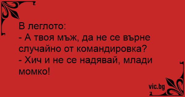 В леглото: - А твоя мъж, да...
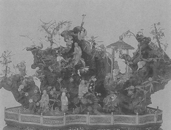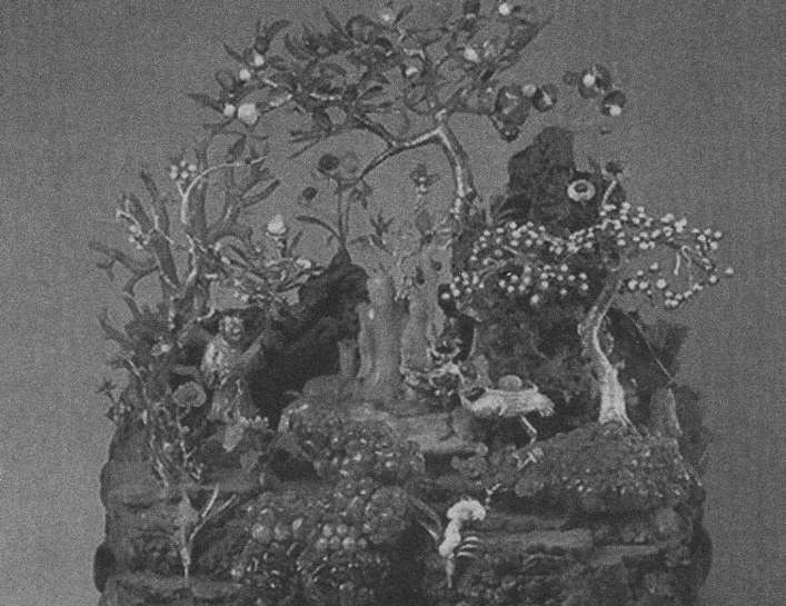 因为“嵌玉石仙人祝寿图盆景”和“ 孔雀石嵌珠宝蓬莱仙境盆景”具有真正现代盆景艺术的特征,因此它们无论在古代还是现代都是盆景艺术的代表作。
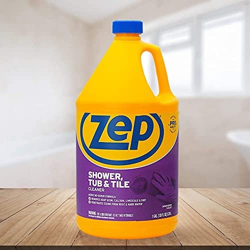 Zep Shower, Tub and Tile Cleaner - 1 Gallon (Case of 4) ZUSTT128 - No Scrub Pro Formula with Acid, Breaks Up Tough Buildup on Contact, Revealing Squeaky Clean Results
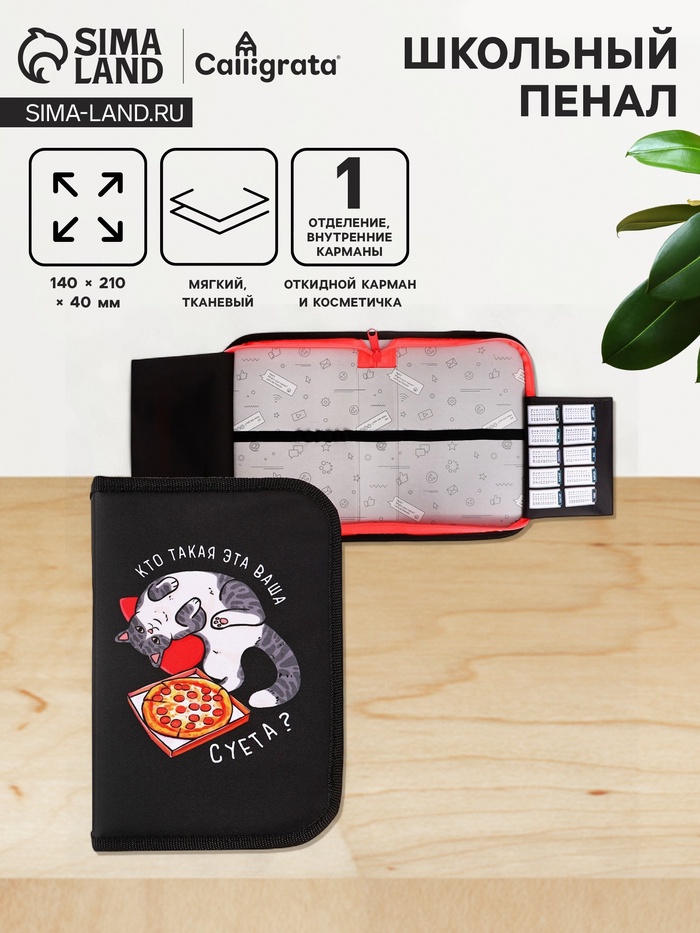 Пенал 1 секция 140×210×40 мм, откидной карман и косметичка, тканевый, «Кот суета»
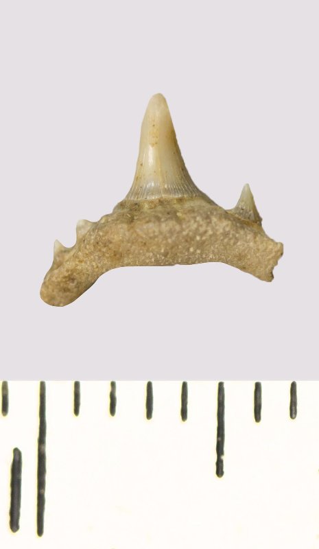 Зуб. Акула. Synechodus sp. Классификация: Хордовые Chordata, Позвоночные Vertebrata, Хрящевые рыбы Chondrichthyes, Пластиножаберные Elasmobranchii
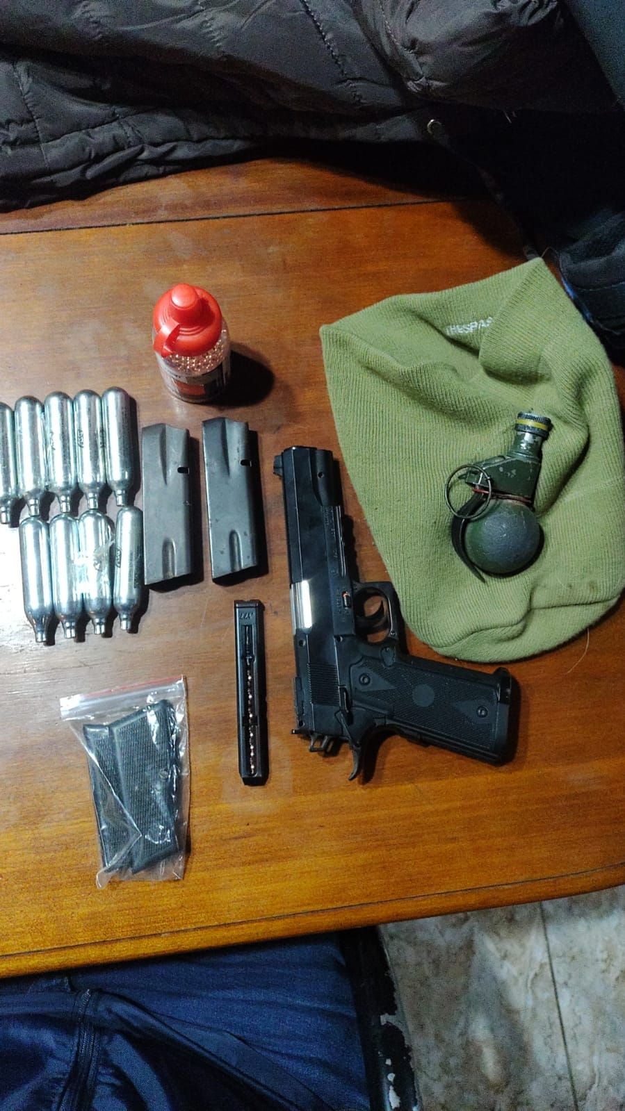 Personal de la UID junto con Narcocriminalidad y personal de Explosivos realizaron un allanamiento en dicho domicilio, logrando la detención de 7 personas y el secuestro de: una granada de guerra, dos cargadores metálicos y dos cachas de un arma de fuego tipo calibre 9 mm; una pistola con CO2, (replica de 9 milímetros) con varias garrafas de gas y proyectiles para dicha arma; un frasco con marihuana, 25 kilos de cobre aprox, treinta mil quinientos pesos en efectivo.
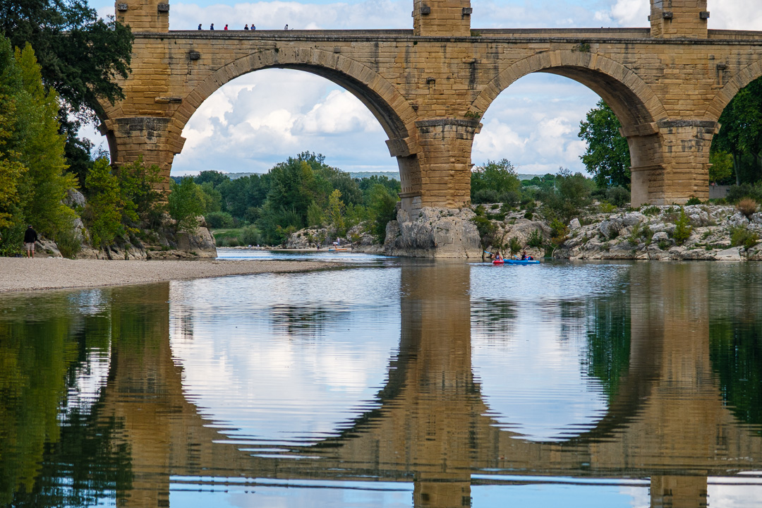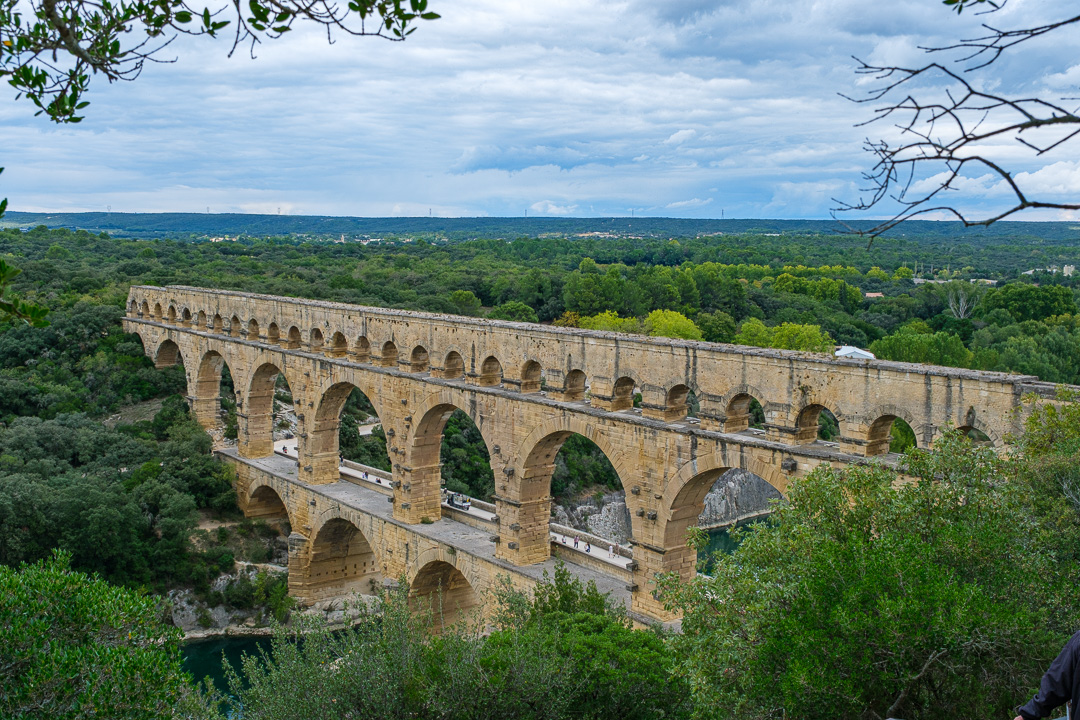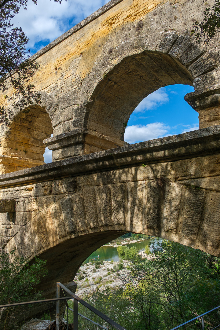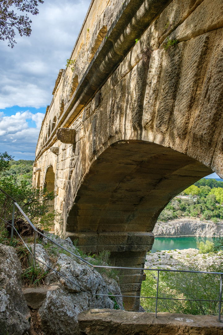 The bridge is huge. I mean really huge, especially considering how long ago it was built (40-60 AD). It was built to carry water for 50 Km to the nearby Roman colony of Nemausus (present day Nimes). It is 48.8 metres high and at peak, carried 11 million gallons of water a day.
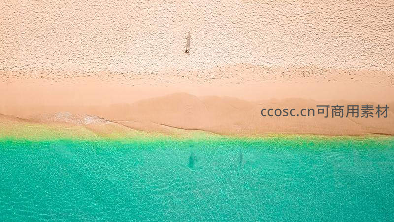 从正上方俯瞰,一人独自伫立在绵延的浅色沙滩边缘,脚下是晶莹剔透的碧绿海水,画面静谧而富有诗意。
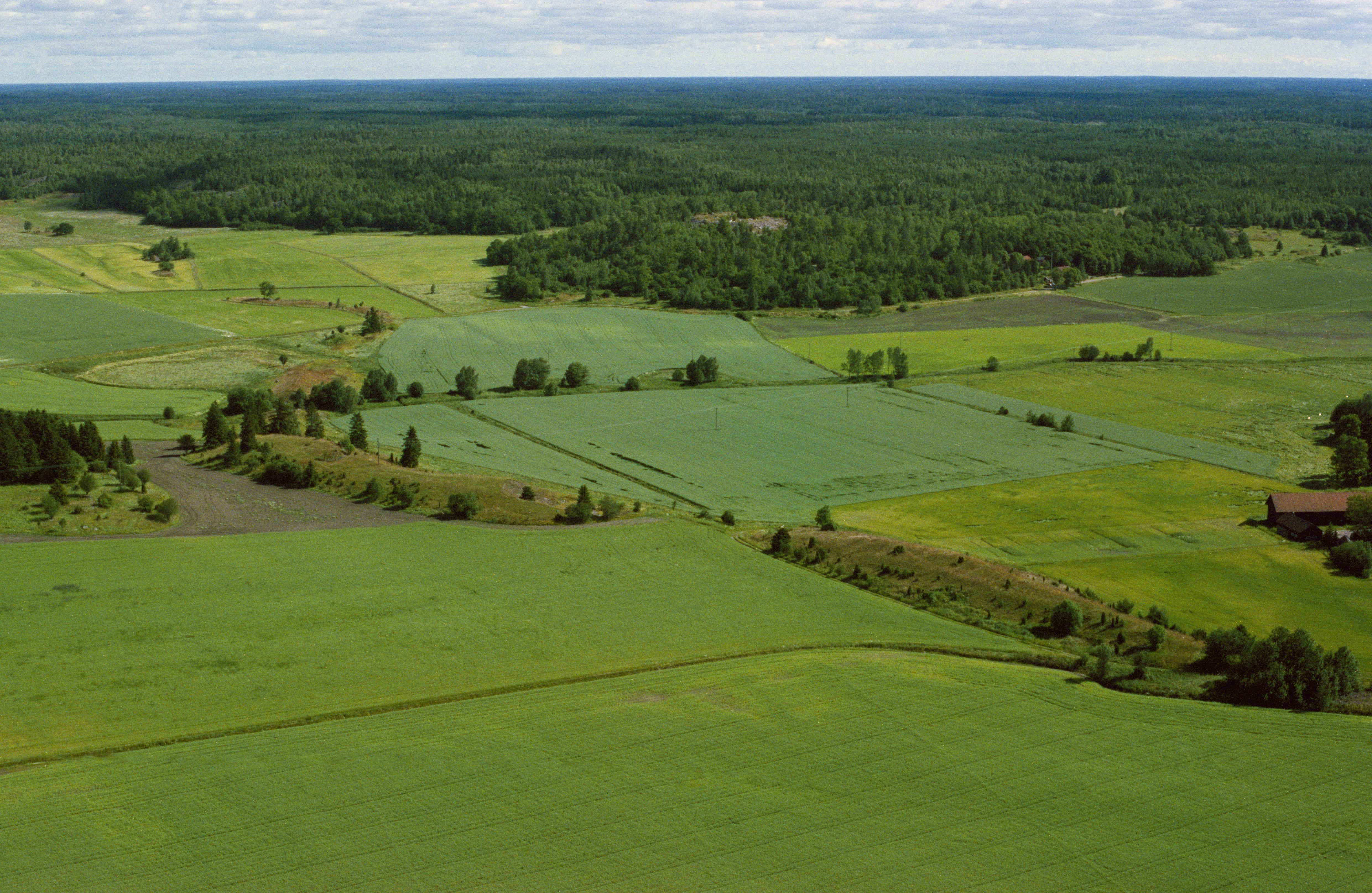 Beskrivning: Storån i Långhundraleden. I bildens nedre del stensättning och gravfält Vallby vallar RAÄnr Husby-Långhundra 158:1 och 165:1. Uppe till höger fornborgen Broborg RAÄnr Husby-Långhundra 156:1. Östuna socken i bildens nedre del. Bilden är tagen mot (väderstreck): NO
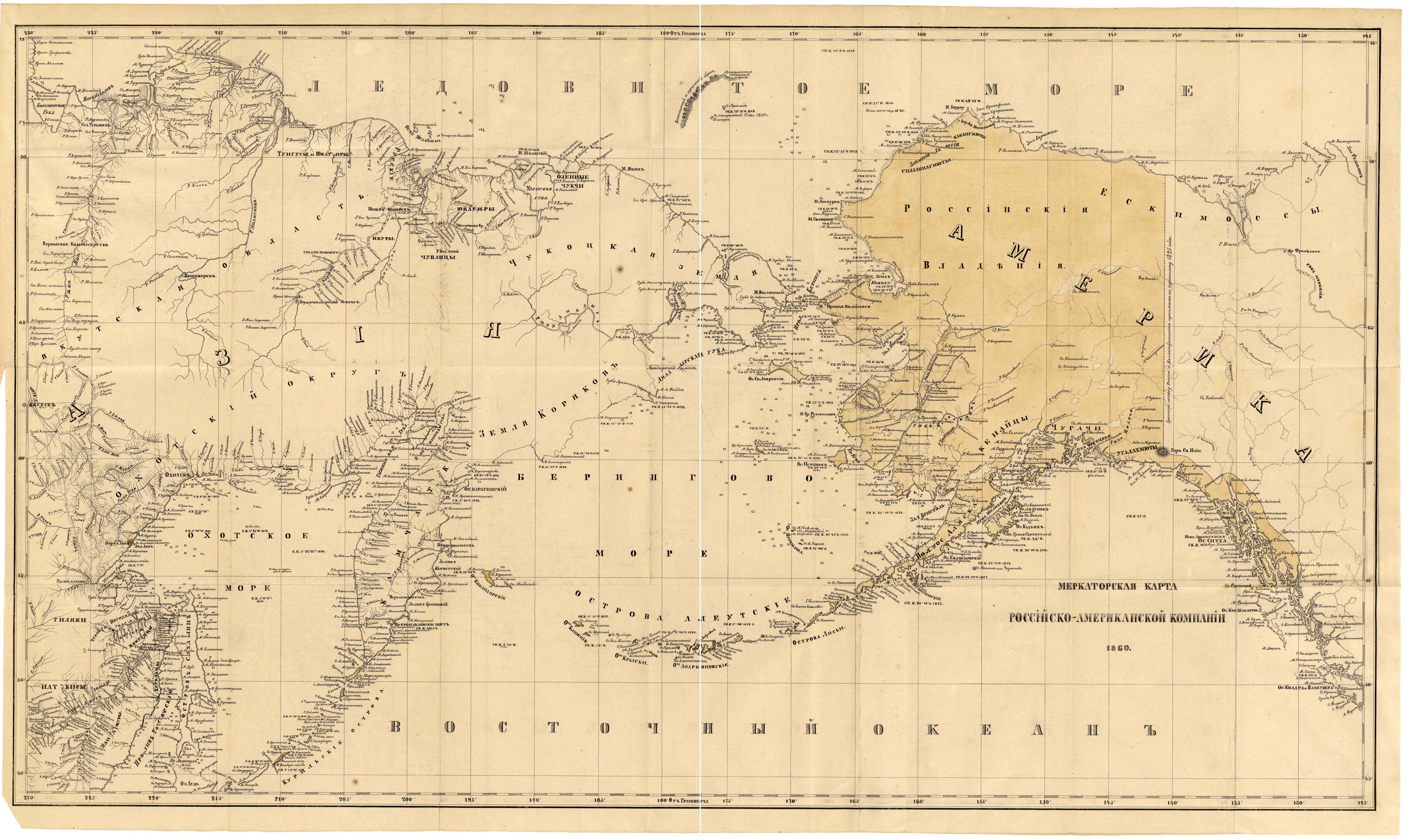 This map from just before the sale of Alaska by the Russian Empire to the United States of America gives a clear image of the North American territory held by Russia. The fact that this map was created by the Russian-American Company indicates the importance maritime trade and commerce played in the mapping of this region, as well as the considerable effort made to create far more detailed maps of the coastal areas, though the interior and northern regions remain largely uncharted.
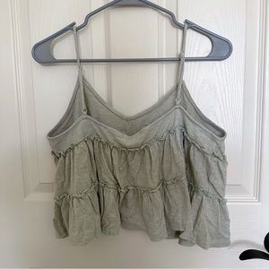 This tiered tank was purchased at a boutique in Lake Geneva, making it almost one-of-a-kind! It was a closet staple of mine for years and is a bit well-loved, but I’ve grown out of wearing crop tops a bit and decided to sell. It’s a beautiful soft cotton fabric and a subtle sage green color with adjustable straps!
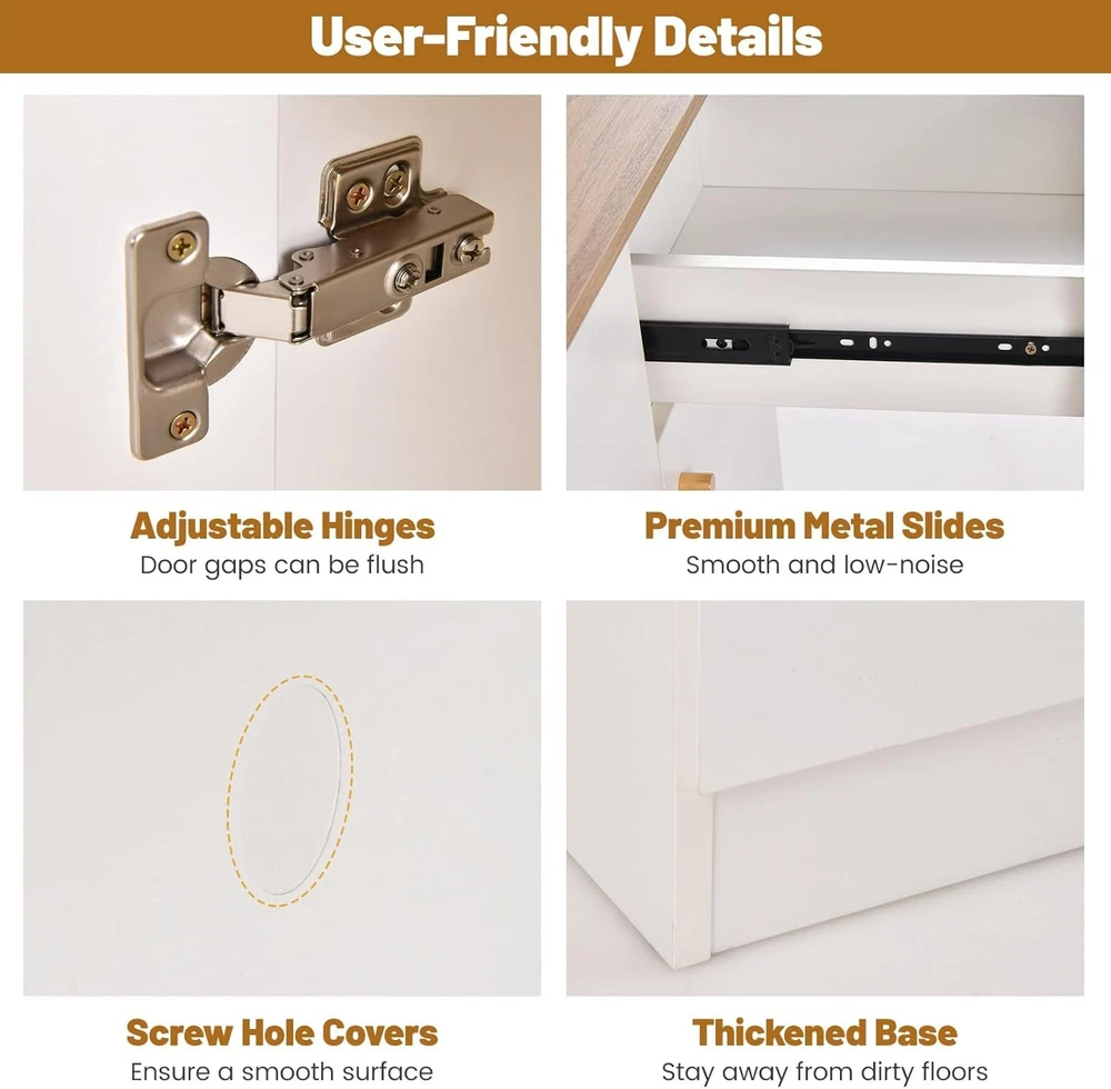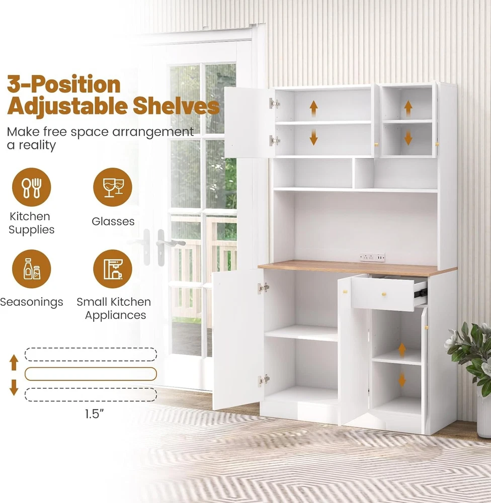 Product Description About this item Enclosed Storage Areas: Elevate your kitchen’s functionality with the pantry cabinet, featuring a drawer and 3 3-position adjustable shelves with each level offering a 1.5” adjustment. Besides, it has multiple doors with adjustable hinges for easy access. Ideal Power Accessibility: No more shortage of sockets. The 71” tall kitchen hutch storage cabinet integrates 2 AC outlets of 125V 12A and 2 USB ports of 5V Max. 2.1A, making it a breeze to operate kitchen gadgets and charge devices. Practical Open Storage: The freestanding buffet cupboard comes with 2 open compartments and a wide countertop, successfully reducing the hassle of finding kitchen supplies. Therefore, your glass, bowl, and seasoning will be easily accessible. Anti-Tipping Protection: Your family’s well-being is our top priority. That’s why the sideboard cabinet includes anti-tipping kits and a large base, ensuring a secure space in your kitchen. By the way, the overall load capacity reaches up to 755 lbs. Modern Design & Wide Use: The pantry cabinet with microwave stand is where sophistication meets modern utility. Its stylish appearance fits seamlessly into any decorations and is perfect for your dining room, living room, kitchen, and more. Description: Upgrade your kitchen’s functionality with the versatile pantry cabinet. It combines enclosed storage areas and practical open compartments, featuring 3-level adjustable shelves, open compartments, a wide countertop, and a drawer. Equipped with AC outlets and USB ports, this 71” tall cabinet provides an easily accessible charging station and convenient power access for kitchen gadgets and charging devices. Safety is a priority with anti-tipping kits and a sturdy base. The kitchen cabinet can support up to 755 lbs. Its modern appearance effortlessly complements any decorations, making it suitable for dining rooms, living rooms, and kitchens. Many other user-friendly details are waiting for exploration. Features: Wood-textured countertop and open compartments provide large open storage Effective storage addition with enclosed cabinets and a pull-out drawer 3-position adjustable shelves make free space arrangement a reality With 2 AC outlets of 125V 12A and 2 USB ports of 5V Max. 2.1A for easy charging The anti-tipping kits keep the cabinet firmly attached to the wall for ensured safety Perfectly ensures easy access to items thanks to the multi-door design Designed with adjustable hinges that ensure door gaps can be flush Fitted with premium metal slides, which are smooth and low-noise Considerately ensure a smooth surface with included screw hole covers Thickened base ensures that the buffet cabinet can stay away from dirty floors Specifications: Color: White Material: MDF, Engineered Wood Overall Dimensions: 39.5” x 16” x 71”(L x W x H) Size of Upper Enclosed Shelves (Left): 25” x 8.5” (L x W) Size of Upper Enclosed Shelves (Right): 12.5” x 8.5” (L x W) Spacing Between Cabinet Top and Upper Shelves: 7” Each Level’s Adjustment of Adjustable Shelves: 1.5” Size of Each Open Compartment: 19” x 9” x 6.5” (L x W x H) Height of On-Countertop Clearance: 16” Size of Countertop: 39.5” x 14”(L x W) Size of Lower Enclosed Shelves (Left): 25” x 13.5” (L x W) Spacing of Lower Adjacent Shelves (Left): 13.5” Size of Lower Enclosed Shelves (Right): 12.5” x 13.5” (L x W) Spacing of Lower Adjacent Shelves (Right): 10.5” Inner Size of Drawer: 10” x 12” x 3.5”(L x W x H) Height of Base: 3” Length of Power Cord: 6.3 ft Total Load Capacity: 755 lbs Load Capacity of Countertop: 330 lbs Load Capacity of Drawer: 25 lbs Net Weight: 132 lbs Package Includes: 1 x Pantry Cabinet 1 x User Guide On Aug 14, 2025 at 21:35:57 PDT, seller added the following information:

» **Task brief**
The answer should consist only of the lines above from the one with "Зуб. Акула. Synechodus" through the one with "从正上方俯瞰,一人独自伫立在", repeated exactly, with no pictures among them.

» **Answer to this problem**
 Зуб. Акула. Synechodus sp. Классификация: Хордовые Chordata, Позвоночные Vertebrata, Хрящевые рыбы Chondrichthyes, Пластиножаберные Elasmobranchii
 Personal de la UID junto con Narcocriminalidad y personal de Explosivos realizaron un allanamiento en dicho domicilio, logrando la detención de 7 personas y el secuestro de: una granada de guerra, dos cargadores metálicos y dos cachas de un arma de fuego tipo calibre 9 mm; una pistola con CO2, (replica de 9 milímetros) con varias garrafas de gas y proyectiles para dicha arma; un frasco con marihuana, 25 kilos de cobre aprox, treinta mil quinientos pesos en efectivo.
 The bridge is huge. I mean really huge, especially considering how long ago it was built (40-60 AD). It was built to carry water for 50 Km to the nearby Roman colony of Nemausus (present day Nimes). It is 48.8 metres high and at peak, carried 11 million gallons of water a day.
 从正上方俯瞰,一人独自伫立在绵延的浅色沙滩边缘,脚下是晶莹剔透的碧绿海水,画面静谧而富有诗意。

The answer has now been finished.